When the evacuation was complete, Jaeyoung stood in front of bulkhead 3. Gihyeon's voice came from the other side.

"Come inside."

Jaeyoung laid her left hand against the bulkhead. Just once more, one last time. The people beyond it. Gihyeon, Sujin, the other 5 — their body heat, their density, their positions unfolded across her left hand. The structure of the whole asteroid opened one more time. The object would arrive in 18 hours. The path the shockwave would travel. Bulkhead 3 would hold. Jaeyoung's left hand was certain of it. It was the last thing the left hand ever read.

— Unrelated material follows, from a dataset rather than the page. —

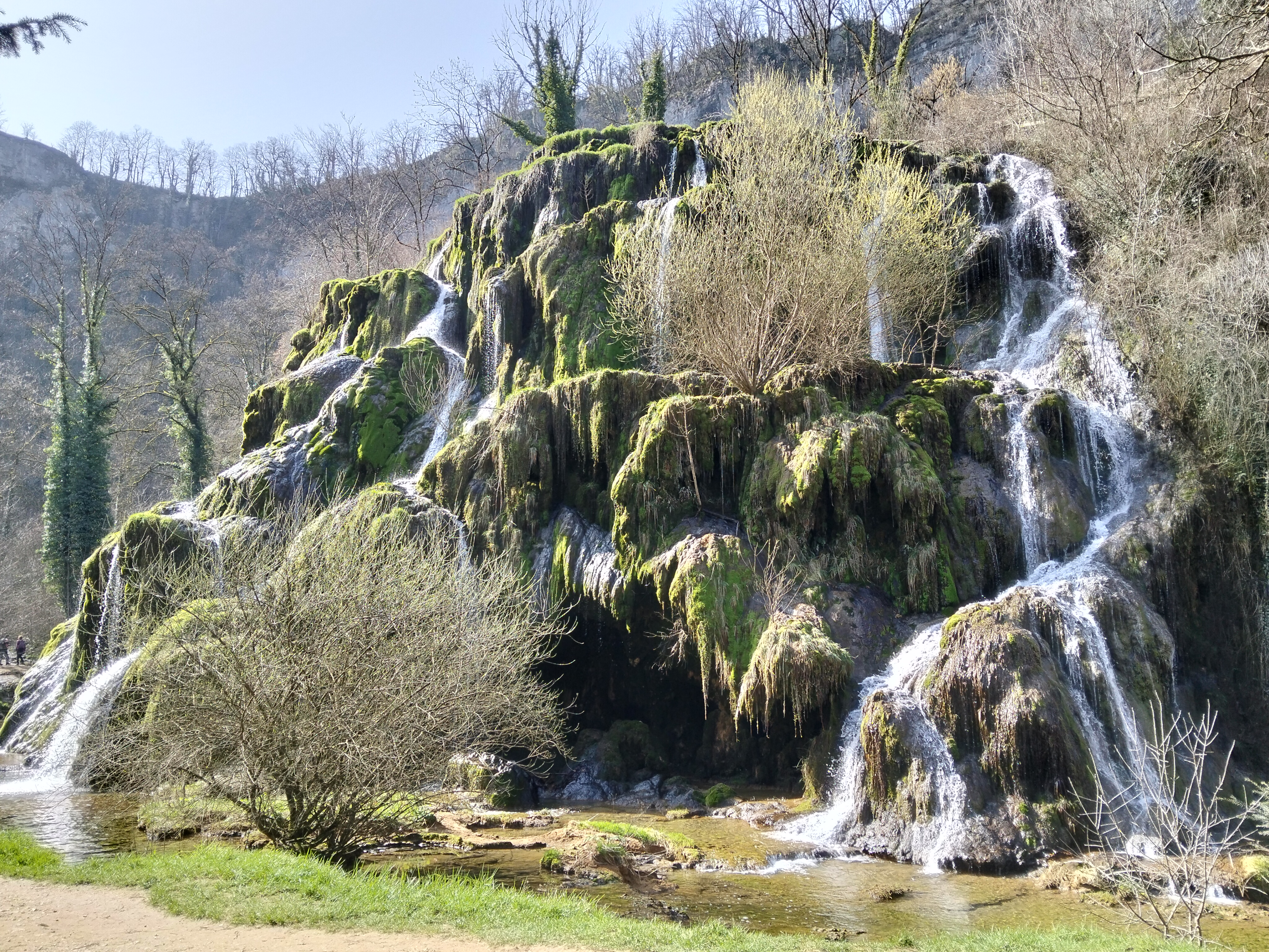 Et puis il faut randonner. En à peine 3h et 300m de dénivelé, on prendra la mesure du relief sans trop se fatiguer. Il faut partir de la chapelle Saint-Roch, ce mini-édifice couronné d'une croix, à 500 m de l'abbaye, et suivre les panneaux en direction de la grotte de Baume. Nous allons longer le ruisseau de la Seille dans une sorte de clairière qui nous mène à une cascade de tuf, une roche calcaire polie par l'eau du Dard. La cascade est souvent à sec en été.

The cooling circuit gave its final warning tone. Something inside the prosthetic smelled of burning. Heat seeped out between the seams of artificial skin. Jaeyoung pulled her hand away. All sensation in the left arm vanished. Pressure, temperature, the senses the crystal had opened — all of it. Nothing. Jaeyoung tried to lift the left arm. The fingers wouldn't move. The sensor light was dead. Jaeyoung took hold of the left arm with her right hand and opened the bulkhead. She stepped inside. Gihyeon looked at Jaeyoung's left arm. He said nothing. The bulkhead closed. Somewhere in the shaft beyond it came the sound of rock splitting. The asteroid's tremor was climbing up through the soles of her feet.

When the widening of the senses is founded on the destruction of one's own body, by what measure can we reckon the price of the life that sense was used to save?